Station matching is the process of pairing gauges from both networks using a combination of geo-spatial and string based metadata comparison.
What is the process of station matching?¶
All gauges in both networks are compared 1:1, both for distance and the similarity of sub-strings within the gauge names. The matches are then given a score and categorised as one of the following:
- Nothing - no matching characteristic, pair is ignored
- Accepted - high quality pairing(s), no better pairing exists
- Rank-Rejected - high quality pairing(s), better pairing exists
- Auto-Rejected - low quality pairings(s), no better pairing exists
What is the outcome of the station matching process?¶
Depending on which pipeline a user runs, they will either create 3 dataframes (accepted, rank-rejected, auto-rejected) of matches, or a final output dataframe.
The final output dataframes follows a manual-review script or notebook which is automatically generated for the user, allowing them to compare rank-rejected and auto-rejected matches to those automatically accepted, with a focus on a minimal amount of required user-input.
The user notebook creates a set of one-to-one or one-to-many pairings where they have the option to assign main and back-up gauges for those one-to-many pairings.
The process chooses to not allow many-to-many matches as this would imply there are identical stations in one or both sets of gauge metadata. Pairs of stations both with a primary and back-up gauge should ideally be matched on a one-to-one basis; main to main, back-up to back-up.

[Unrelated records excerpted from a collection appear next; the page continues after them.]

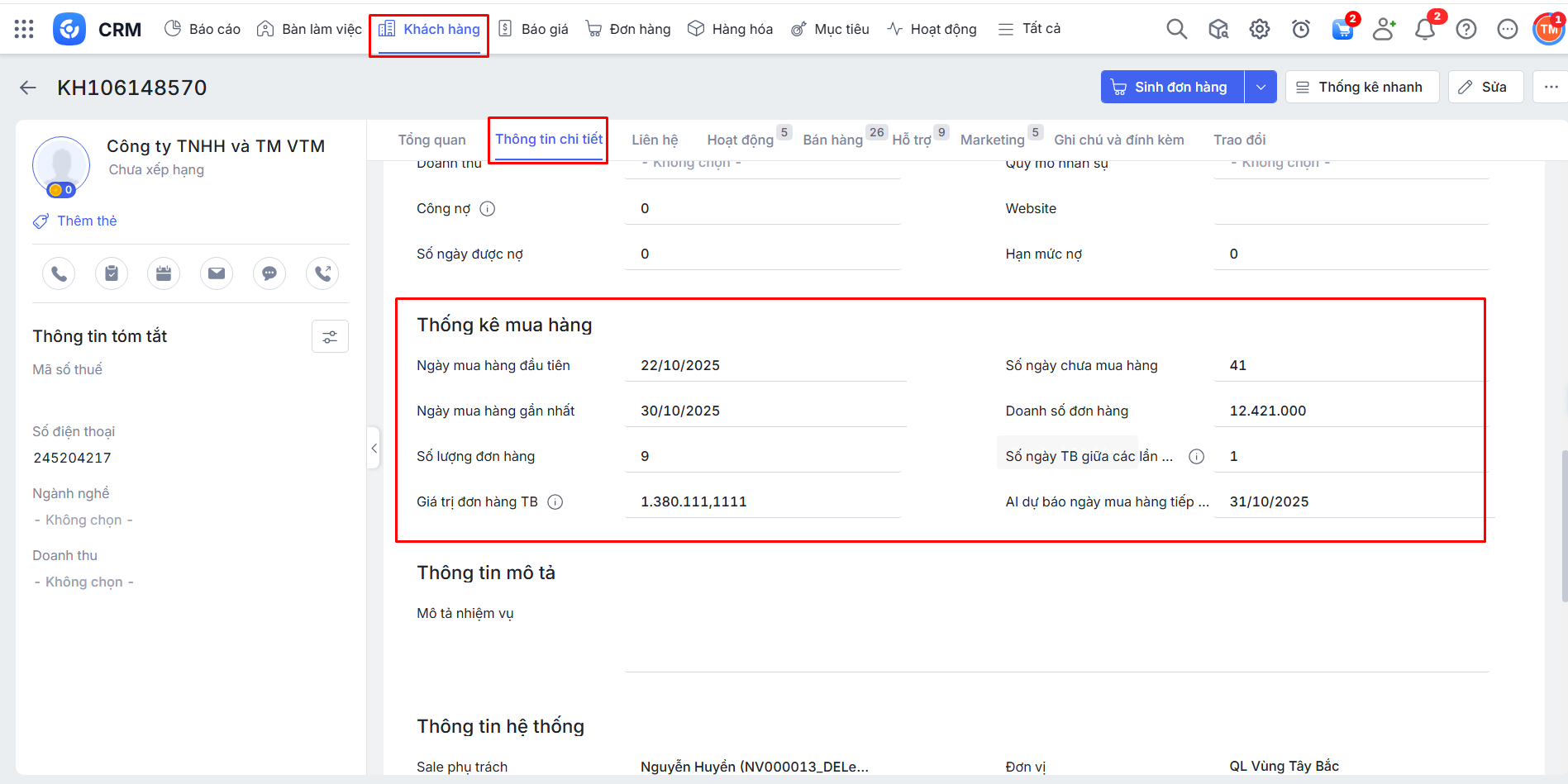 Tại một bản ghi chi tiết Khách hàng\Tại tab Thông tin chi tiết\Mục Thống kê bán hàng bổ sung các trường thông tin:
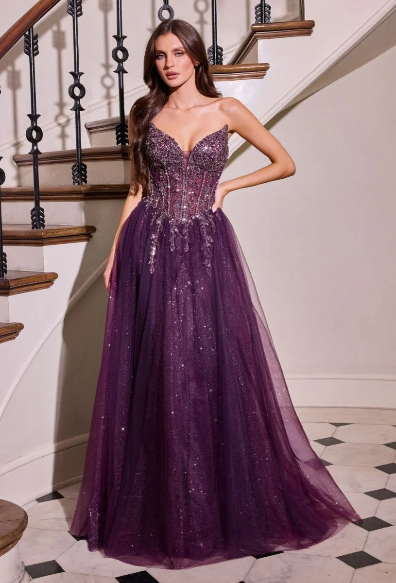 Shop our Ladivine CD721. Radiate elegance in this A-line evening gown, designed with a strapless sweetheart neckline and a corset bodice shimmering in dazzling crystal beadwork. The structured top gives way to a flowing layered glitter tulle skirt, creating volume and movement with every step. Complete with a supportive fit and radiant sparkle, this gown is a captivating choice for prom, black tie, and formal occasions.
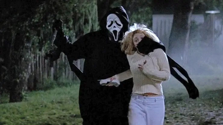 The movie seemed to calm him as if it explained everything. Dewey relaxed a degree, taking a breath and lowering his gun as he lingered by the wall. Stu crept up behind him then drew his knife and plunged it into Dewey’s spine.
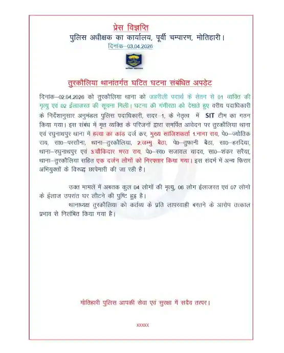 इस जहरीले नेटवर्क की जड़ तक पहुंचने के लिए पुलिस ने बड़ा ऑपरेशन चलाया, जिसमें कुख्यात शराब तस्कर नागा राय को उसके पूरे परिवार के साथ गिरफ्तार कर लिया गया। पुलिस के मुताबिक, नागा राय फैमिली गैंग के जरिए लंबे समय से अवैध शराब का कारोबार चला रहा था जहां हर सदस्य इस काले धंधे में शामिल था। मामले की गंभीरता का अंदाजा इसी से लगाया जा सकता है कि मृतकों के बयान के आधार पर तुरकौलिया थाना और रघुनाथपुर थाना में हत्या का केस दर्ज किया गया है। यानी यह सिर्फ हादसा नहीं, बल्कि एक साजिशन मौत का सौदा बन चुका है।

What is station comparison?¶
Station comparison is a deeper dive on matched gauges, it provides a basic summary analysis of the similarity between both timeseries, including:
- Overlap - total length, number of timesteps (all and non-NaN)
- Accumulation - total, difference (absolute and percentage)
- Statistcal summaries - R² (all and non-zero), Spearmans Rank (all and non-zero)
This can either be used to assess the quality of generated pairings, or to quickly test the similiarity of collocated gauges.